• Hannah Ajibola

Mistakes to Avoid in College Application Essays



Writing college essays is a much more time-consuming process than most applicants expect. Depending on the colleges where a student applies, the essay requirements can vary from writing a single Common App or Coalition essay to writing many supplements for varying colleges. In my personal experience, I ended up writing about 15 essays for the six schools to which I applied. Some supplements vary from a few sentences to a full page essay depending on the prompt and word count limit. That is why it is imperative to start early – the summer before senior year. This gives you the optimal amount of time to go through several drafts with edits and revisions and allows time to ask others to read the essays and see if they can hear your voice in the writing. As you narrow your college lists, you can start to look at the specific prompts and word/length requirements.

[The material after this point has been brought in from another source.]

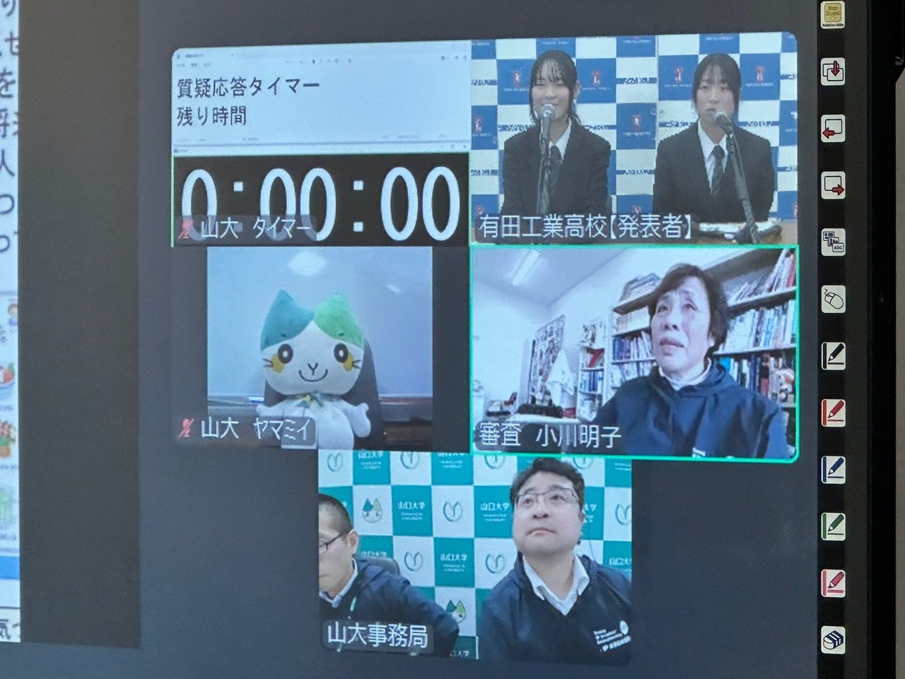 発表は事前に収録したものを配信先から再生し、審査員からの質疑をライブで行う流れです。10番目に発表した江口さんは「今回制作したものは実際に使っていただけるとのこと、子どもたちにアートが身近になっていくと嬉しい」と結びました。トリの14番目に前田さん、山口さんは発表し、「暮らしてきた町が大好きな私たちは、学んだデザインで活気が生まれることを期待しています」と話しました。

In choosing essay readers, I suggest choosing someone who knows you very well in addition to a teacher who has read other works of yours in class. Ask them if they can get a sense of who you are through the writing. I say this because the whole point of the main “tell us about yourself” essay and additional supplements is to get to know who you are as an individual and how you might fit into a college besides grades, test scores, and extracurriculars.

In light of this fact, below I will quickly highlight some common phrases from application essays that should be avoided.

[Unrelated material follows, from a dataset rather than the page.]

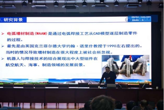报告中,黄健康教授紧扣这两大核心目标,以钛合金增材制造为典型案例,清晰拆解了技术突破的完整逻辑体系,为在场师生呈现了一场兼具理论深度与实践价值的学术盛宴。在“控形”技术突破方面,黄教授重点阐释了机器人路径规划、视觉传感与闭环控制技术的协同应用机制。针对“控性”这一关键痛点,黄教授详解了双丝交叉电弧、粉末与气体原位强化等创新技术。团队通过优化双丝电弧参数,实现不同成分材料的精准熔合,同时在成型过程中通入强化气体并加入纳米粉末,使梯度功能钛合金的显微硬度提升35%,抗压强度和耐磨性分别提高28%和42%,成功实现材料“组织-结构-性能”的协同优化。这些技术成果已在航空航天零部件、高端医疗器件等领域初步应用,展现出广阔的产业化前景。

1. “For as long as I can remember”

Used too commonly in essays


2. “Little did I know”

Again, used too commonly in essays


3. “I just knew” or “I just felt it”

This is specifically for the question that asks why you want to attend a certain university. This is your time to show just how much you know about a university you really want to go to, even if you didn’t get to physically visit or go to a college fair. Be specific in what makes you want to attend that university - special majors or departments, certain research or professors, campus resources, etc.


4. “I was at a loss of words” or “I have no words to describe”

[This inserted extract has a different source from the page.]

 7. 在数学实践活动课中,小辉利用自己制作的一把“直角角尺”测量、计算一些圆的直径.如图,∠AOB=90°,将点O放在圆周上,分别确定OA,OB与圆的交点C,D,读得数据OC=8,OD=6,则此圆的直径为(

Don’t be vague when describing your reaction to an event because that won’t help to set you apart from the rest of the applicants or give true insight into your feelings. Think of adjectives to describe how you felt.


5. “Like Minded Peers”

Again, this is specifically for the question about “why _____ university/college”. You most likely wouldn’t use this phrase in your common conversations.


Last Thoughts

  • Make each sentence unique to you. You don’t need to be overly formal in your language but also don't use slang.

  • Add personal details and not just generic phrases

  • Make sure what you say is in your own language and not a British Literature writer. You want your actual voice and personality to be heard

  • Don’t start essays with quotes. If you choose a quote, make it personal and incorporate it into your writing.

Admissions counselors read hundreds of these essays for many hours. They probably don’t want to hear the same phrases over and over, so it’s important to make your essay unique.